Hawk Incentives
- Formerly: Blackhawk Engagement Solutions, Parago, InteliSpend, How2.com
- Type: Subsidiary
- Industry: Marketing, Rewards & Incentives
- Founded: 1999 (as How2.com)
- Fate: Acquired by Blackhawk Network in 2014
- Headquarters: Texas, U.S.
- Key people: Juli Spottiswood (former President and CEO)
- Services: Rebate programs, incentive programs, loyalty programs, rewards programs, prepaid rebate card programs, promotional marketing programs

= Hawk Incentives =

American rewards-based incentives company

Hawk Incentives (formerly Blackhawk Engagement Solutions, Parago, and InteliSpend), is a rewards-based incentives company that design, implement and manage programs for other companies. Hawk Incentives is based in Texas.

Hawk Incentives has become one of the larger providers of manufacturer and retailer promotional marketing programs, including rebates and incentives programs. The company has been a major player in the popularization of paperless rebates and prepaid rebate card programs.
In 2009 the company released research showing that 83% of consumers were seeking products with rebates. In addition, the company has received significant industry recognition for its research into customer loyalty, rewards programs and prepaid cards. In 2009, Parago received an A+ rating from the Dallas Better Business Bureau. However, as of April 2015, the BBB has received over 200 complaints against Parago and the rating has been lowered to B+.

Some of Hawk Incentive's clients include Netgear, Sprint Nextel and Staples Inc. For Staples, Hawk Incentives is credited with redesigning and managing the popular Easy Rebates program, which enables customers to use paperless submission for rebates, offers a choice of rewards and quick payment. After a decade of working together, Staples extended its contract with Parago for another five years in 2010.

The company was founded in 1999 as the website How2.com. In 2001, the company shifted its business to rebate and reward programs. Parago was founded by venture capital firm T. H. Lee of New York and was formerly known by the name Parago Rebates HQ.
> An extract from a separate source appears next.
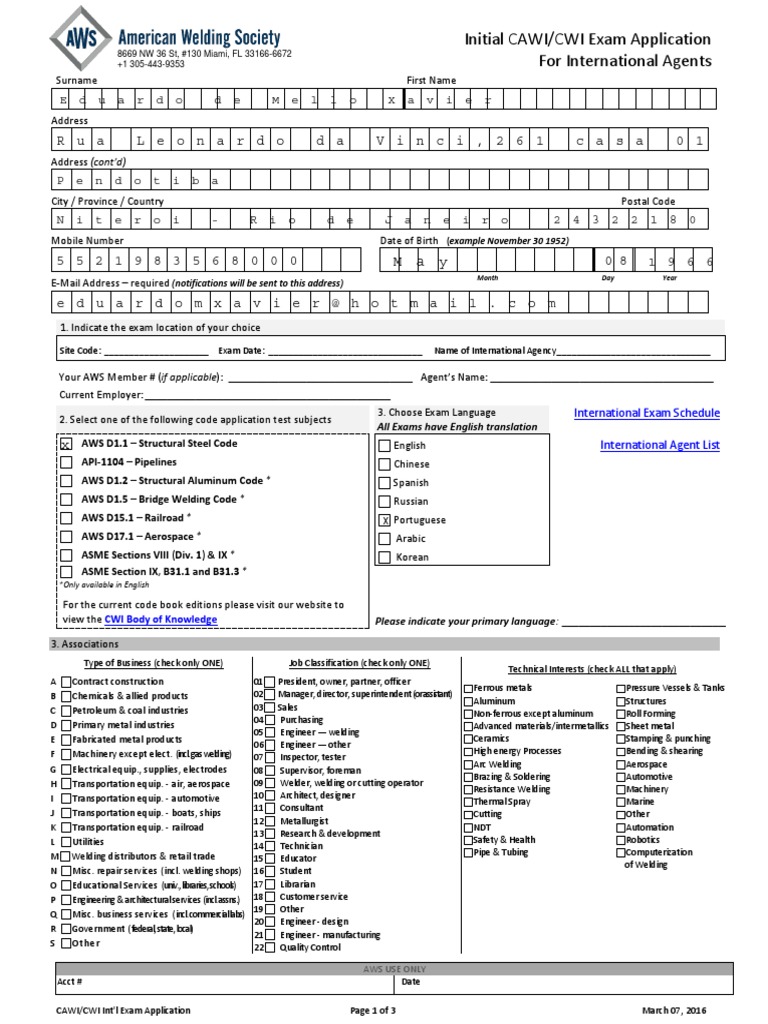 CWI Application Form Welding Professional Certification

The firm has experienced significant growth and expansion in the early 2000s. In 2004, Parago launched a rewards and loyalty marketing division expanding their line of services. In 2010, Parago was named one of the fastest growing women-owned or led businesses in North America, as judged by the Women President's Organization. The same year, Parago ranked number 19 on PROMO magazine's 2010 PROMO 100 list of the top U.S. promotion agencies and Spottiswood was named one of the Top 25 Industry Leaders by the Dallas Business Journal's Women in Business Awards.
  In September, 2014, Parago was purchased by publicly traded Blackhawk Network, a leading prepaid and payments network, for $290 million.
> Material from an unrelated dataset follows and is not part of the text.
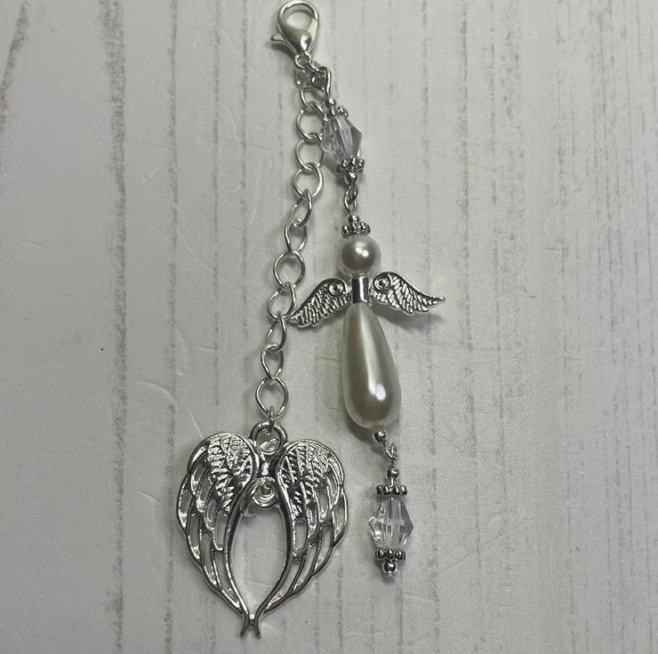 Charm Dangle on a silver tone lobster clasp, chain and angel wings with a heart, Bicone crystal beads with an angel in pearl with silver wings.

In 2009, former Parago President and CEO Juli Spottiswood was recognized as the Ernst & Young Entrepreneur of The Year 2009 in the business services category in Southwest Area-North. The same year, the company was selected as one of the best places to work in Dallas, through the Dallas Business Journal awards program.

In 2004, the leader of Parago's loyalty marketing division, Chris Moloney, published extensive research on customer loyalty and referral which appeared in the book Strategic Database Marketing, 3rd Edition by Arthur Middleton Hughes of KBM.